> _Work order_
Restate word for word the opening line of the data below and every line after it until the line with "Broachのトップページも", that line too, but not the pictures.

(Items listed in a dataset)
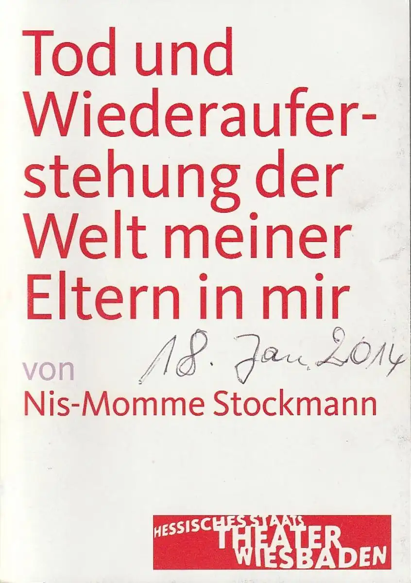 Titel: Programmheft Nis Momme Stockmann TOD UND WIEDERAUFERSTEHUNG DER WELT MEINER ELTERN IN MIR Premiere 18. Januar 2014 Kleines Haus Spielzeit 2013 / 2014
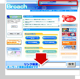 BroachのトップページもしくはBroach内のブログページの検索部分のリンク検索を選択し、空欄に検索したいキーワードを入力して、「検索」ボタンをクリックします。 |
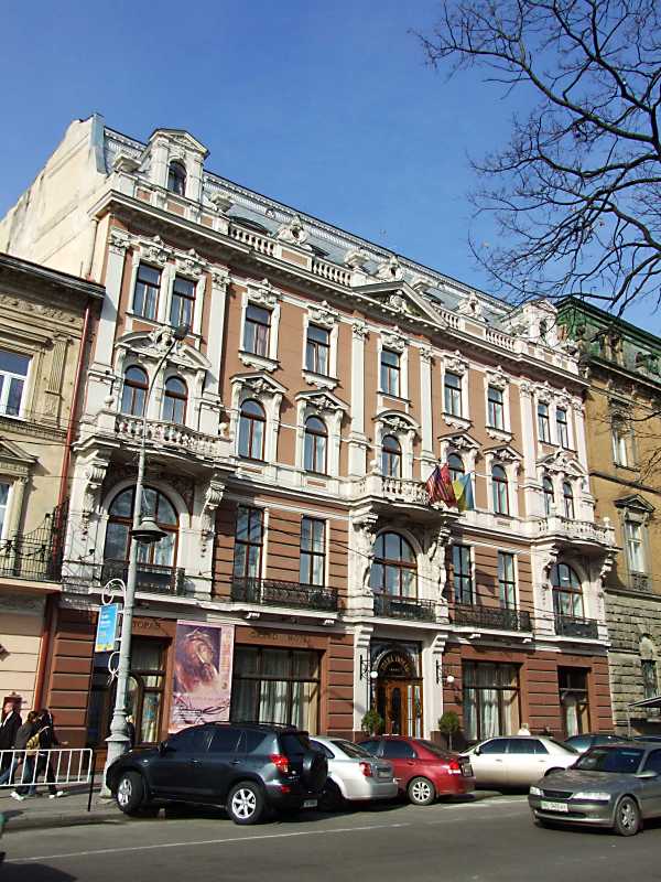 Гранд-отель (просп.Свободи, 13) споруджено в 1893 р. за проектом Е.Герматника. Скульптури на фасаді (зокрема, атланти) виконані Л.Марконі.
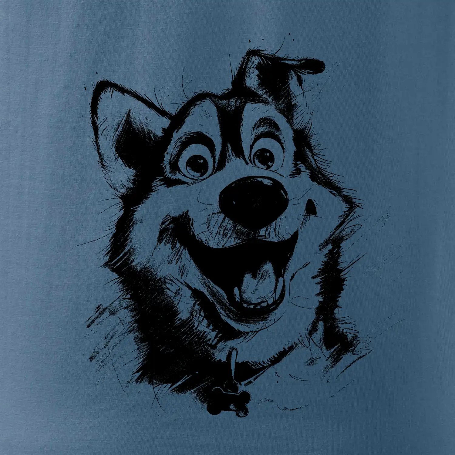 Čiernobiela karikatúra husky - Mikina pánska Cape s kapucňou
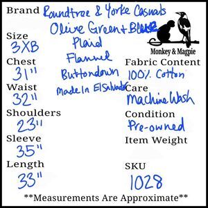 Roundtree And Yorke Casuals Flannel Outdoors Tan Blue Green Mens Big 3XB
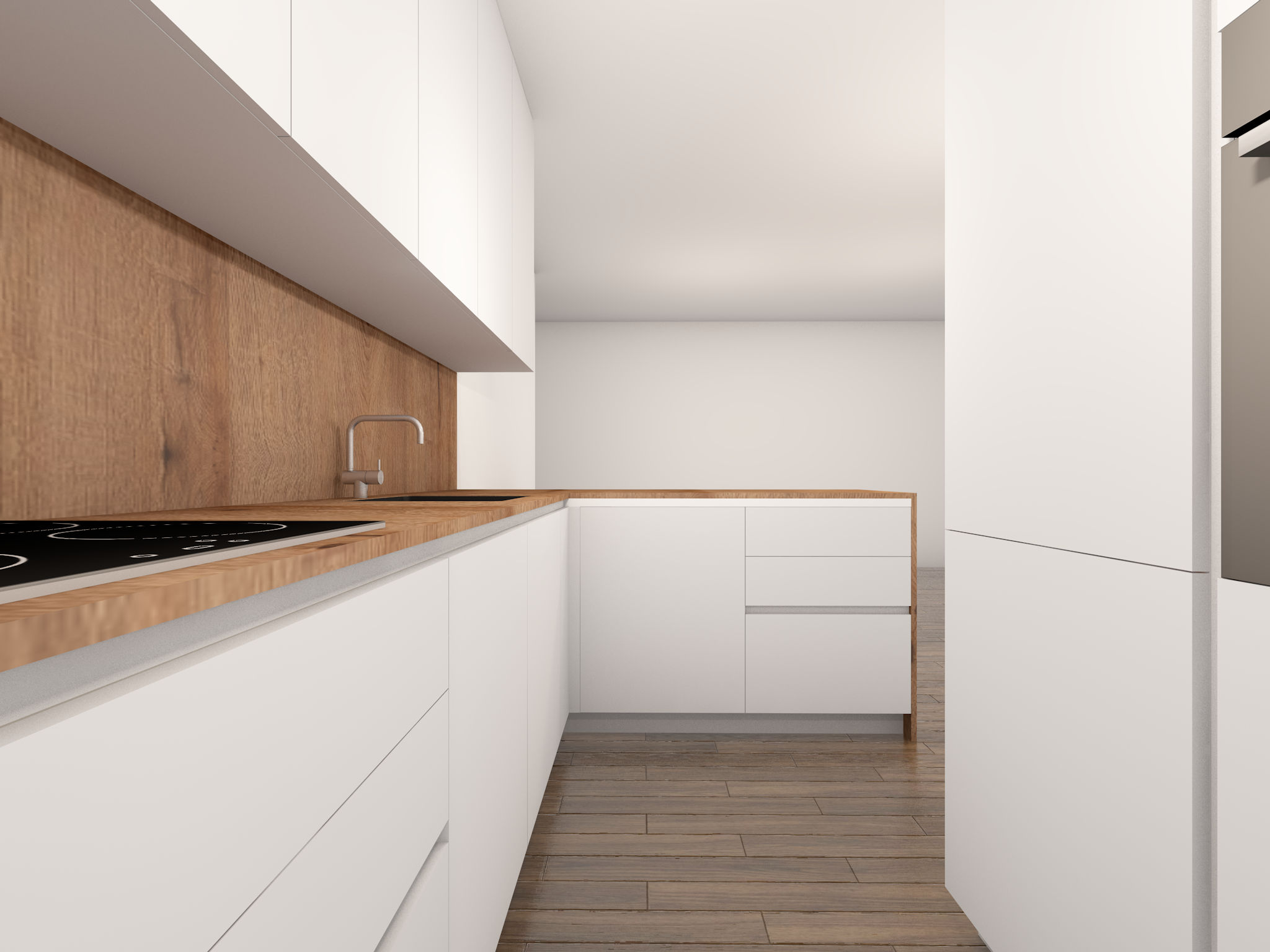 white glossy finish cabinets modern kitchen real textured wood counter high detailed render moderate lightning keep original nodes
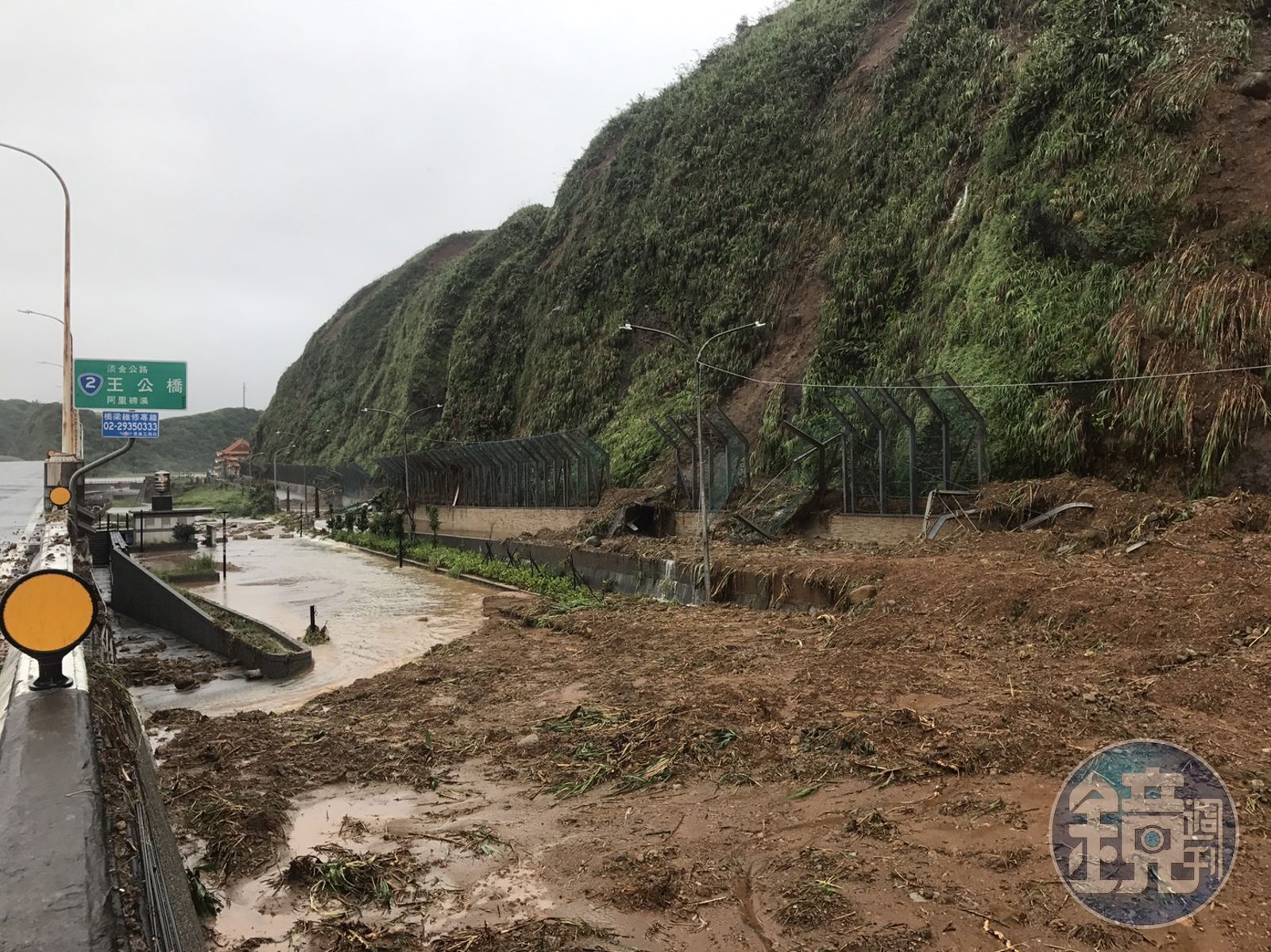 【水淹北海岸】雨彈狂襲北北基 淡金公路擋土柵欄遭毀
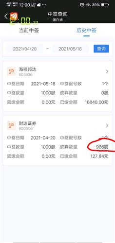 不到一个月中了两签,财达证券竟然忘了缴款,结果余额只给我缴了34股!太悲催了!
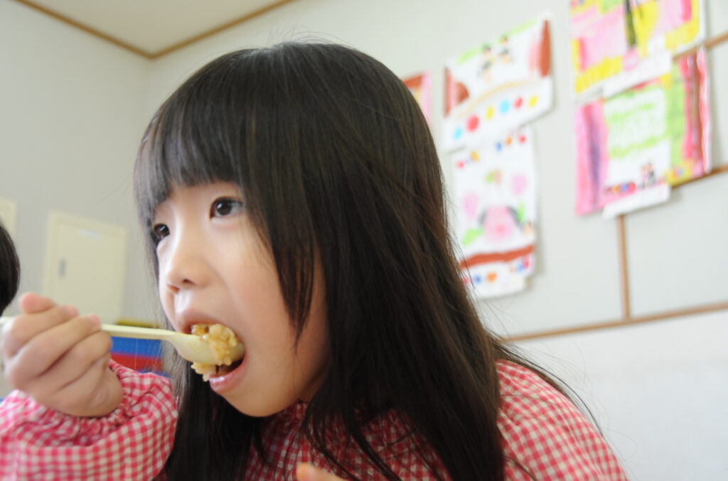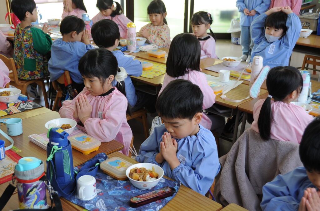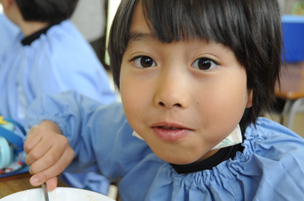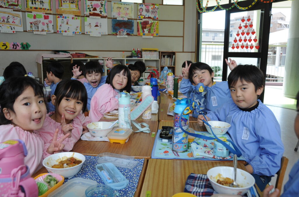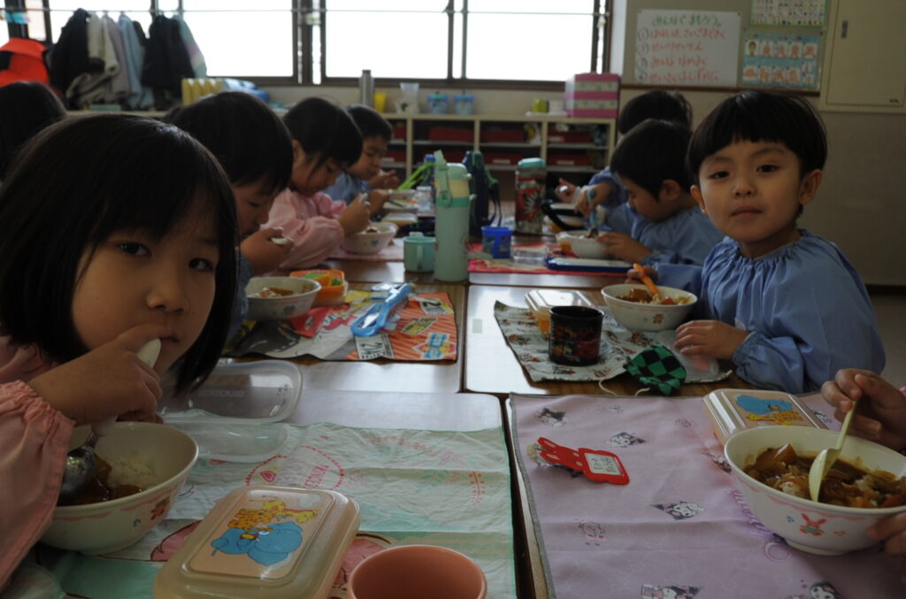 はい、すみれ組の皆さんは、今日もおいしくいただきました。「ごっちそうさまでしたぁ!!」

> _Answer below_
 Titel: Programmheft Nis Momme Stockmann TOD UND WIEDERAUFERSTEHUNG DER WELT MEINER ELTERN IN MIR Premiere 18. Januar 2014 Kleines Haus Spielzeit 2013 / 2014
 BroachのトップページもしくはBroach内のブログページの検索部分のリンク検索を選択し、空欄に検索したいキーワードを入力して、「検索」ボタンをクリックします。 |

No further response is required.